Masalahnya adalah bagaimana kita harus dapat
menjaga kepercayaan dunia ini, agar subak dapat abadi
dan berlanjut sepanjang
masa. Karena subak tidak saja menghadirkan kawasan sawah yang
menghasilkan bahan makanan untuk umat manusia, tetapi kini subak juga diakui
sebagai lembaga menghadirkan nilai-nilai kebudayaan.
PENJELASAN
Difinisi Subak
Subak
adalah organisasi kemasyarakatan yang khusus mengatur sistem pengairan sawah
yang digunakan dalam cocok tanam padi di Bali. Menurut Kamus Besar Bahasa
Indonesia, subak berarti sistem pengairan teratur yang diselenggarakan oleh
rakyat di Bali. Subak merupakan lembaga yang bersifat sosioagraris-religius di
mana dalam sistem subak ini ini diatur oleh seorang pemuka adat, yang biasa
disebut pekaseh dan berhak mengurus kepengurusan, membuat awig-awig, mengatur
keuangan serta memberikan sanksi terhadap anggota subak yang melanggar
peraturan.Subak ini biasanya memiliki pura yang dinamakan Pura Uluncarik, atau
Pura Bedugul, yang khusus dibangun oleh para petani dan diperuntukkan bagi dewi
kemakmuran dan kesuburan dewi Sri.
Dalam
pengelolaan irigasi subak, masyarakat Bali mengusung konsep Tri Hita Karana
(THK) yang memiliki hubungan timbalBalik antara Parahyangan yakni Hubungan yang
harmonis antara anggota atau karma subak dengan Tuhan Yang Maha Esa, Pawongan
yaitu hubungan yang harmonis antara anggota subaknya dimana yang disebut dengan
Krama Subak, Palemahan yang merupakan hubungan yang harmonis antara anggota
subak dengan lingkungan atau wilayah irigasi subaknya. Sistem irigasi subak
diatur dalam peraturan daerah Pemda provinsi Bali No.02/PD/DPRD/l972 tentang
irigasi di daerah provinsi Bali.
Sejarah Subak
Kapan
timbulnya sistem subak di Bali untuk pertama kalinya, tidak diketahui dengan
pasti. Sejarah subak dapat dilihat secara tidak langsung dari prasasti-prasasti
yang menggambarkan abad kesembilan. Jadi sudah sekitar seribu tahun yang
lampau.Prasasti sukawana yang dibuat pada tahun 882 masehi menunjukan bahwa
sistem pertanian sawah dan tegalan yang teratur telah ada di Bali pada tahun
882 masehi. Hal ini terbukti bahwa dalam prasasti itu telah di sebut kata-kata
“Huma” yang berarti sawah dan kata “Parlak” yang berarti tegalan. Kenyataan ini
diperkuat lagi oleh adanya prasasti bebetin yang dibuat pada tahun tahun 896
masehi. Prasasti ini diantaranya menyebut kata-kata “Undagi Lancang”(tukang
membuat perahu), “Undagi Batu”(tukang mencari batu) dan “Undagi Pangarung “
(tukang membuat terowongan air). Pada masa itu sudah ada ukuran pembagian air
untuk persawahan yang disebuat “Kilan” (sekarang di sebut tektekan yeh). Yakni
ukuran air untuk persawahan. Kemudian pada prasasti trunyan yang diciptakan
pada tahun 891 masehi, terdapat kata “Serdanu” yang berarti kepala urusan air
dan, dalam hal ini danau batur yang terdapat di daerah tarunyan (Bangli).

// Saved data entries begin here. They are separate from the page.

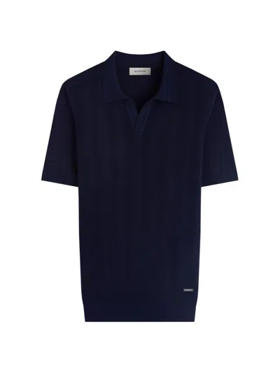 Men's Honeycomb-knit Cotton Short-sleeve Sweater In Blue
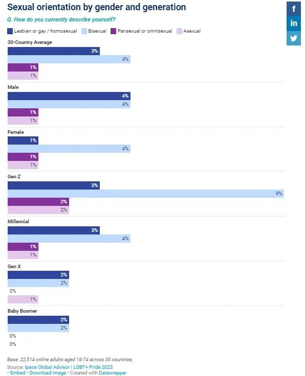 调查的30个国家中,平均有9%的成年人认为自己是LGBTQ。并且,LGBTQ在年轻群体中的占比趋势正在逐渐扩大。其中,Z时代(1997-2012年)大约是千禧一代(1965-1980年)的2倍、是X时代(1946-1964年)的4倍。
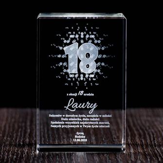 Prezent na osiemnaste urodziny - grawer w szkle. Statuetka kryształowa w etui
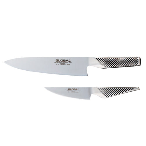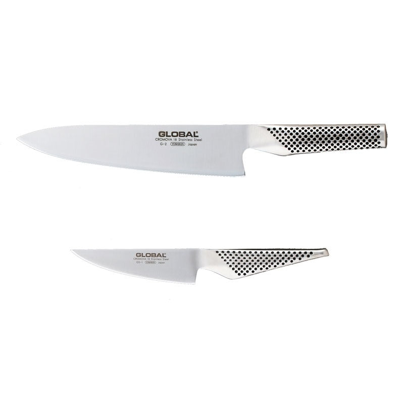 Global is een vooraanstaand merk met prachtige Japanse messen. De messen zijn ontworpen door Komin Yamada en vallen vooral door het revolutionaire en herkenbare design van de handgreep zeer op. De messen zijn gemaakt van hoogwaardig Cromova 18 roestvast staal en zijn extra hard. Door de kleine slijphoek behouden deze professionele messen hun scherpte extra lang!
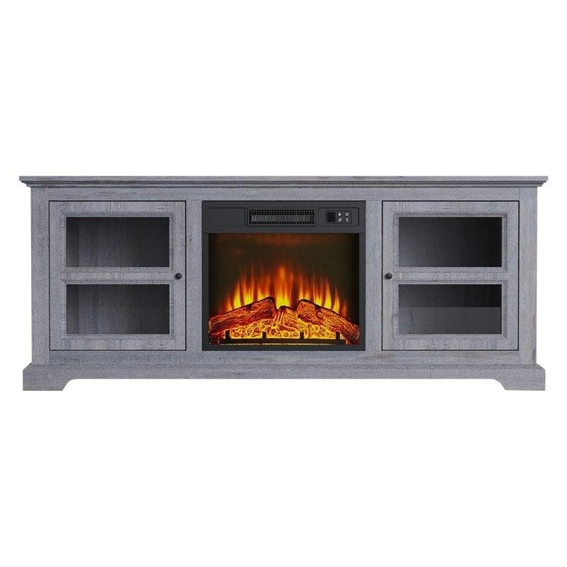 Chimenea Eléctrica Con Mueble Aparador Rustico Color Gris
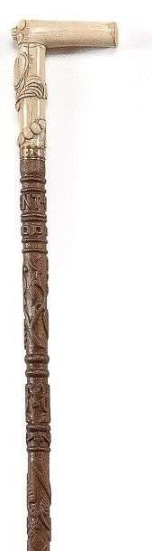 Canne «souvenir» d'art militaire à poignée équerre et longue retombée en ivoirine sculptée de fleurs, de médaillons et d'acanthes. Bague annelée en métal doré à frise d'oves et de losanges, fût en hêtre entièrement sculpté où chaque scène est présentée successivement entre deux anneaux, en partant du haut: «LAURENT» dessous une frise de carrés pointés, rameau spiralé avec feuilles, baies et grappes, motif de lyres, guirlande sinueuse, rameau spiralé avec baies et grappes enroulé d'une bannière marquée: «SOUVENIR DE CAPTIVITE», frise de carrés pointés, chaise, table avec dessus une bouteille de vin, parterre un bol, bannière spiralée marquée: «INGOLSTADT BAVIERE», motifs chevrons, motifs de colonnettes et «1871», férule en laiton.
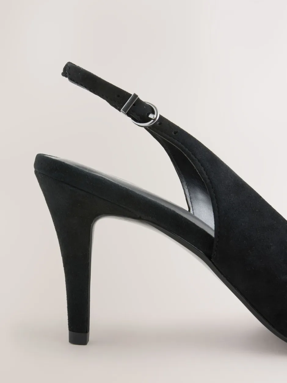 Next Suede noire – Chaussures à talons Forever Comfort® pointus en cuir avec nœud et bride arrière
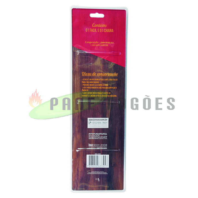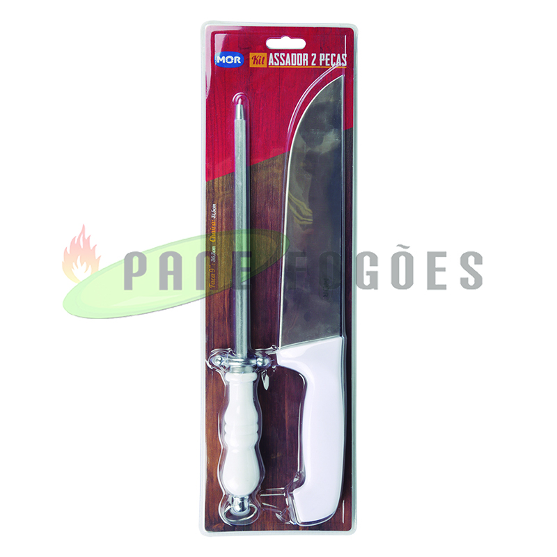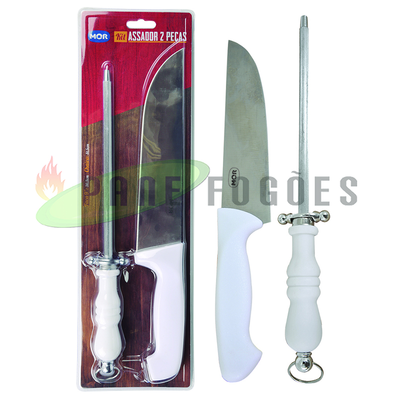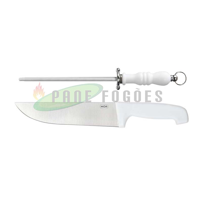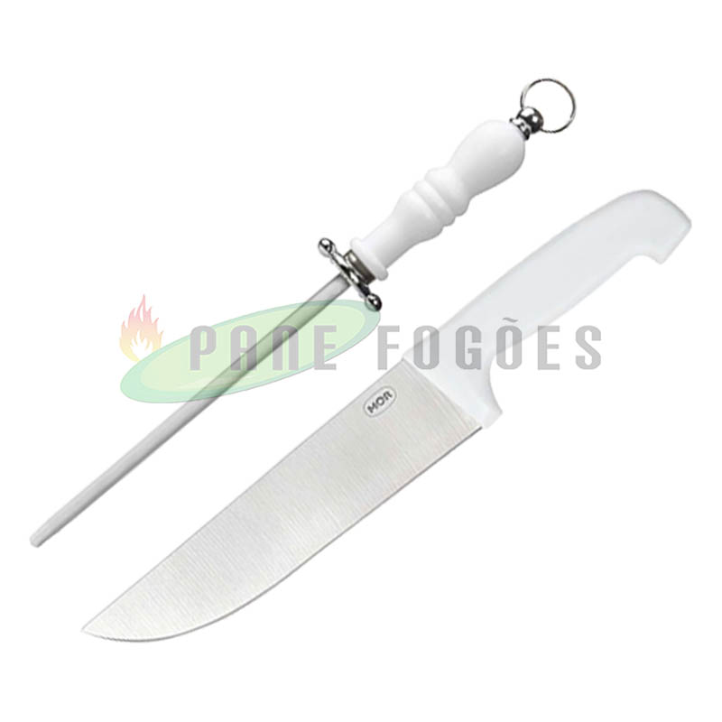 Kit: 1 Faca (36,5 cm comprimento (c) x 5,2 cm largura (l) / 1 Chaira (32,5 cm comprimento (c) x 4,4 cm largura (l)
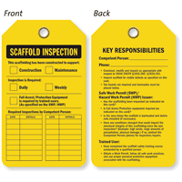 Both OSHA and the Department of Labor cite scaffolding problems as some of the most-frequent workplace safety violations. Scaffolding Inspection Tags track and maintain regular inspections.
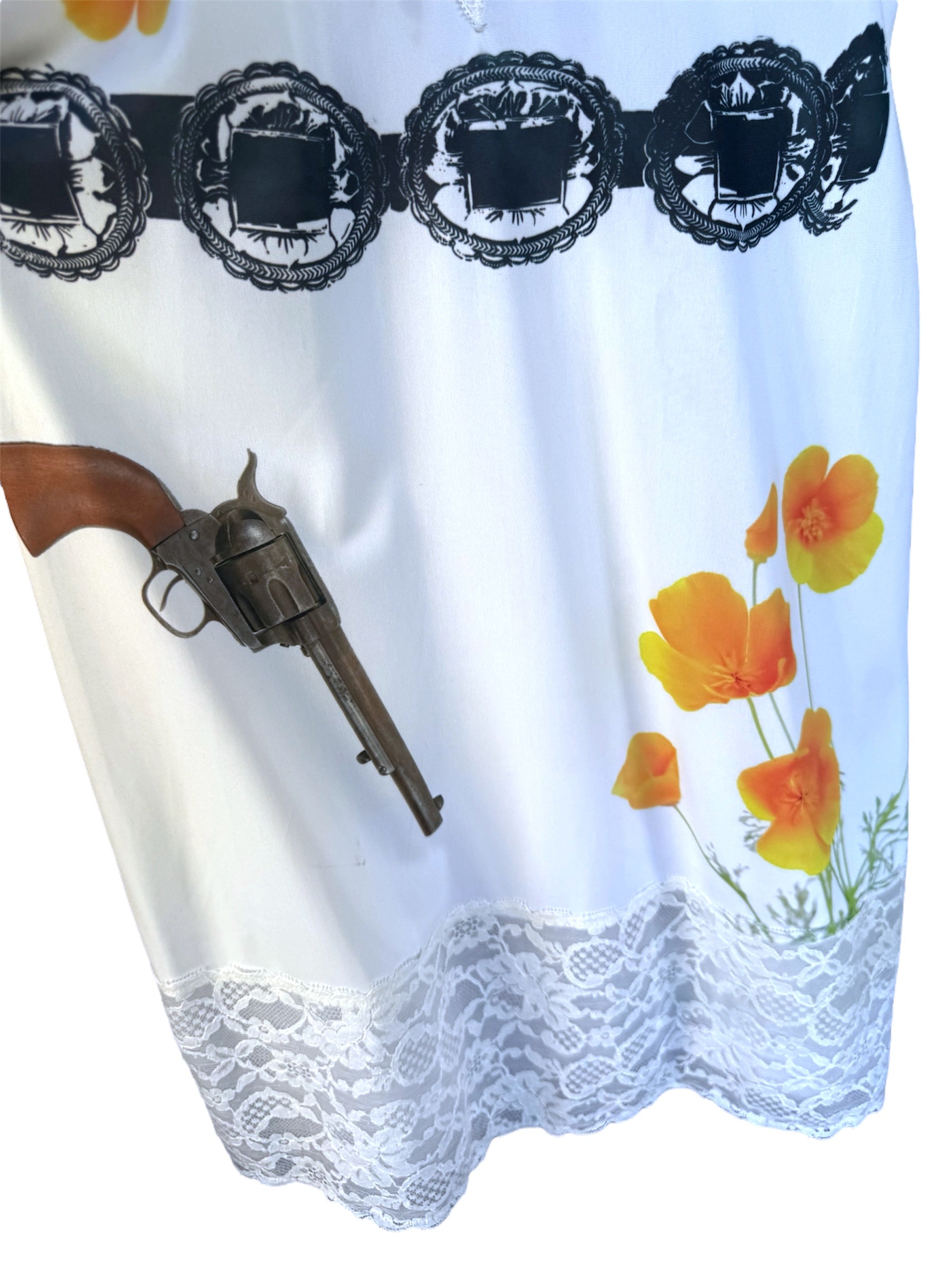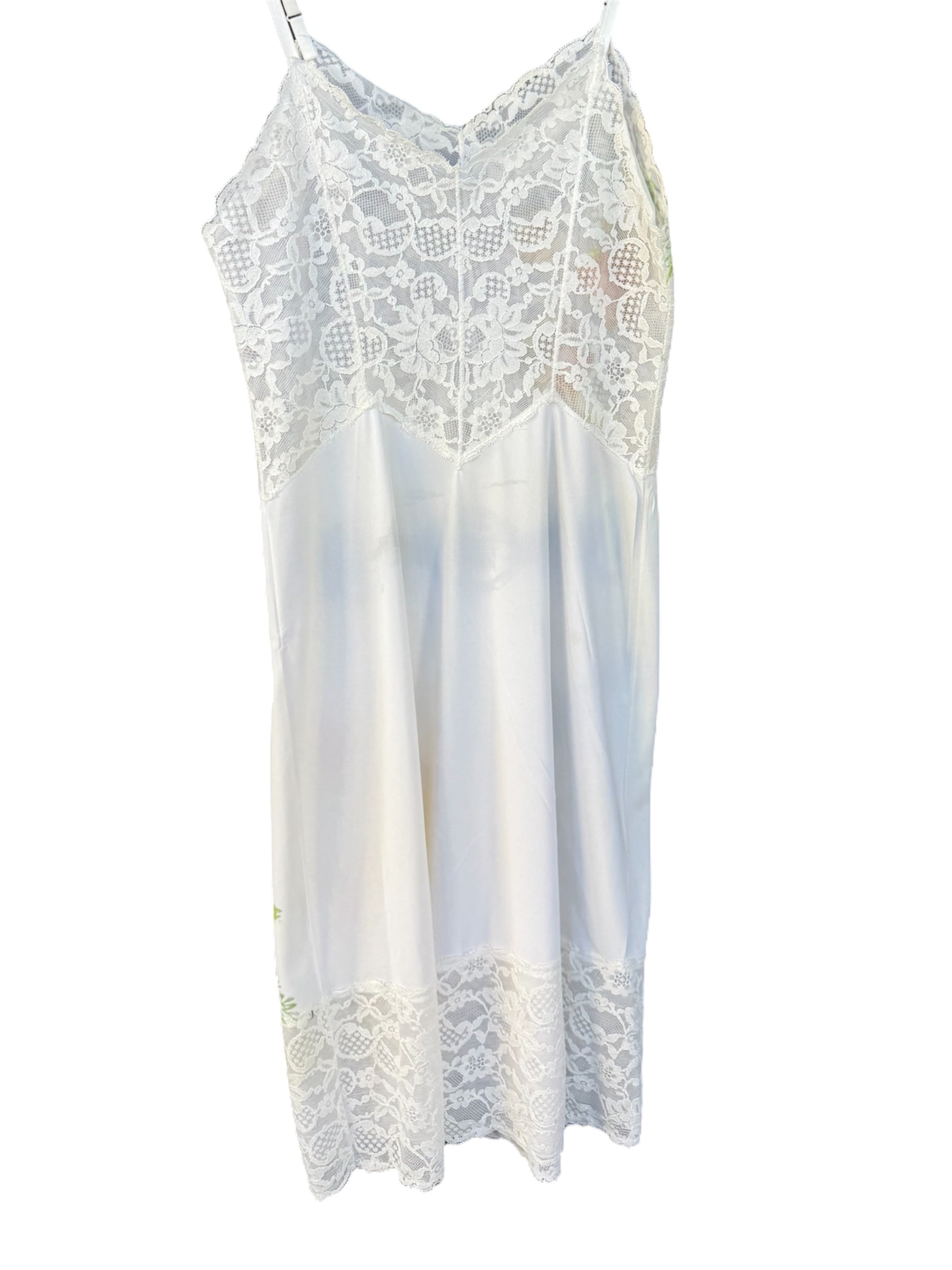 vintage slip dress with hand printed images l adjustable straps l lace details

Diduga kata “Ser” inilah yang berubah menjadi “Pekaseh” (pemimpin subak) yang berarti orang yang bertugas megatur
pemanfaatan dan pembagian air irigasi untuk persawahan dalam suatu wilayah
subak.
Dengan
telah dikenalnya pembuatan trowongan air pada tahun 896 masehi, pertanian sawah
dan tegalan pada tahun 882 masehi, serta telah pula dikenal suatu ukuran
pembagian air untuk sawah-sawah pada masa itu di Bali. Secara faktual, pada
tahun 1071 masehi, di Bali telah dikenal adanya subak. Hal ini tidaklah berarti
subak muncul pertama kali pada tahun tersebut. Tidak tertutup kemungkinan subak
sudah ada jauh sebelumnya, mengingat tahun 882 masehi sudah ada pembuatan
trowongan air untuk kepentingan pertanian. Didalam prasasti pandak bandung yang
berangka tahun 1071 masehi di jumpai untuk pertama kalinya kata “Asuwakan” yang
sekarang menjadi kata “Kasubakan Atau Subak”. Juga dalam prasasti klungkung
tahun 1072 masehi terdapat kata “Kasuwakan Rawas” yang artinya “Kasubakan Atau
Subak Rawas”. Kata subak adalah suatu perubahan fonim dari kata “Suwak”
mengikuti aturan perubahan fonim p-b-m-w, sehingga menjadi subak yang artinya
suatu pengatur air persawahan yang baik. Suatu keterangan legendaris mengenai
terbentuknya subak di Bali, ada disebutkan dalam lontar markandya purana.
Didalam lontar itu disebut bahwa rsi markandya dari gunung raung (Jawa Timur)
di iringi oleh 800 orang merabas hutan di pedalaman pulau Bali, lantas membuat
sawah dan desa yang disebuat “Desa Sarwada”. Desa inilah yang sekarang bernama
desa Taro di kecamatan Tegalalang (Gianyar). Sawah-sawah yang dibuat disebuat
“Puwakan” yang letaknya tidak jauh dari desa Taro. Didalam lontar itu
disebutkan pula bahwa rsi markandya membangun desa adat dan subak. Tapi
keterangan legendaris ini nampaknya lebih dari fakta sejarah yang lainnya.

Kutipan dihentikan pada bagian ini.